Потом подвернулся Френкель и, как чёрт сыпет зелье в кипящий котёл, подсыпал котловку.
Известно было заклинание, сколько раз его повторяли: "В новом общественном строе не может быть места ни дисциплине палки, на которую опиралось крепостничество, ни дисциплине голода, на которой держится капитализм."
Так вот Архипелаг сумел чудесно совместить и то, и другое.
И всего-то приёмов для этого понадобилось: 1. Котловка; 2. Бригада; 3. Два начальства. (Но последнее не обязательно: на Воркуте, например, всегда было одно начальство, а дела шли.)
Так вот на этих трёх китах стоит Архипелаг.
А если считать их "приводными ремнями"- от них крутится.
О котловке уже сказано. Это — такое перераспределение хлеба и крупы, чтобы за средний паёк заключённого, который в паразитических обществах выдаётся арестанту бездействующему, наш зэк ещё бы поколотился и погорбил. Чтобы свою законную пайку он добрал добавочными кусочками по сто граммов и считался бы при этом ударником. Проценты выработки сверх ста давали право и на дополнительные (у тебя же перед тем отнятые) ложки каши. Беспощадное знание человеческой природы! Ни эти кусочки хлеба, ни эти крупяные бабки не шли в сравнение с тем расходом сил, которые тратились на их зарабатывание. Но по своей извечной бедственной черте человек не умеет соразмерить вещь и цену за неё. Как солдат на чужой войне дешёвым стаканом водки поднимается в атаку и в ней отдаёт жизнь, так и зэк за эти нищенские подачки, скользнув с бревна, купается в паводке северной реки или в ледяной воде месит глину для саманов голыми ногами, которым уже не понадобится земля воли.
Однако, не всесильна и сатанинская котловка. Не все на неё клюют. Как крепостные когда-то усвоили: "хоть хвойку глодать, да не пенья ломать", так и зэки поняли: в лагере не маленькая пайка губит, а большая. Ленивые! тупые! бесчувственные полуживотные! они не хотят этого дополнительного! они не хотят кусочка этого питательного хлеба, замешанного на картошке, вике и воде! они уже и досрочки не хотят! они и на доску почёта не хотят! они не хотят подняться до интересов стройки и страны, не хотят выполнять пятилеток, хотя пятилетки в интересах трудящихся! Они разбредаются по закоулкам шахт, по этажам строительства, они рады в тёмной дыре перепрятаться от дождя, только бы не работать.

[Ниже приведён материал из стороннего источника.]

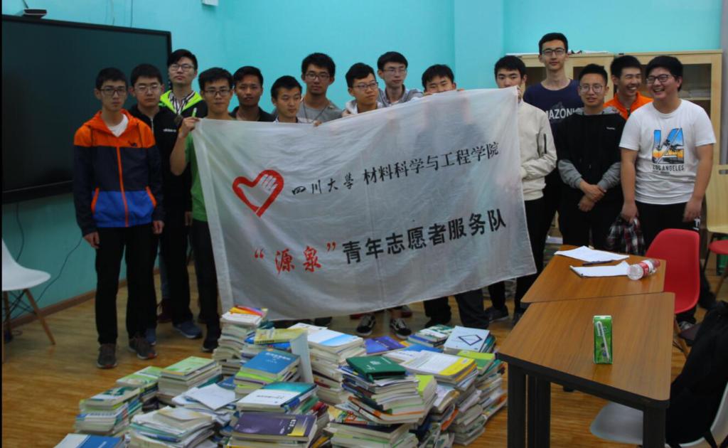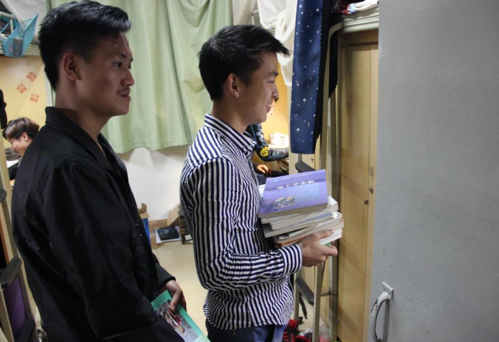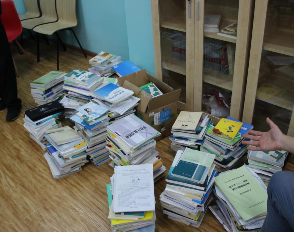 志愿者们分组后,有序进入同学们的宿舍中,收取各位同学不需要的书籍、学习资料以及用具,并集中摆放于一舍活动室进行分类。
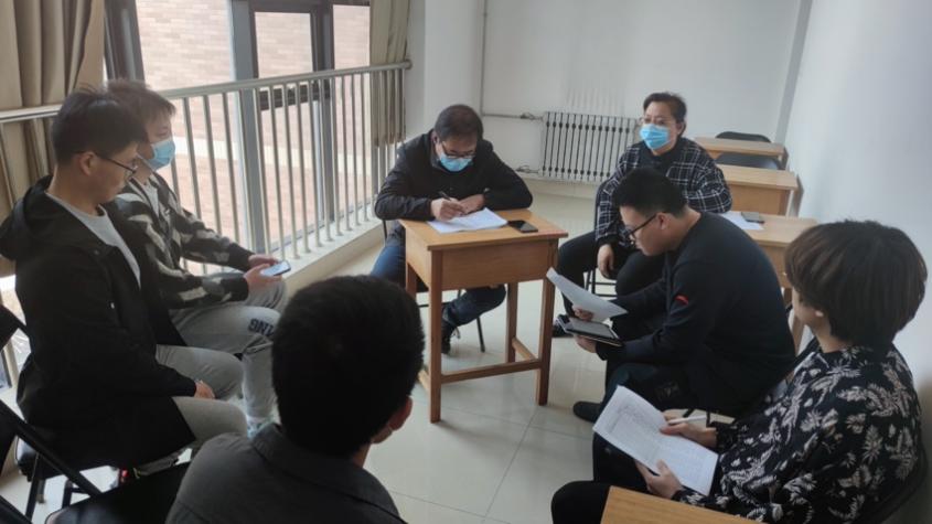 紧接着,赵志强和刘慧慧与负责人们进行细致全面的沟通交流。一方面,认真听取临时党支部书记张友浩有关19号楼值班情况的汇报,倾听党员们在开展工作时遇到的问题和诉求;另一方面,了解线上教学期间学生生活学习情况,关注学生生活需求。最后,两位老师针对临时党支部工作给出建议,党员干部要搭建起老师和学生的沟通桥梁,及时反馈,做好信息的传递。

Не часто же можно устроить такие массовые работы, как гравийный карьер под Ярославлем: видимые простому глазу надзора, сотни заключённых там скучены на небольшом пространстве, и едва лишь кто перестаёт двигаться — сразу он заметен. Это — идеальные условия: никто не смеет замедлиться, спину разогнуть, пота обтереть, пока на холме не упадёт флаг — условный знак перекура. А как же быть в других случаях?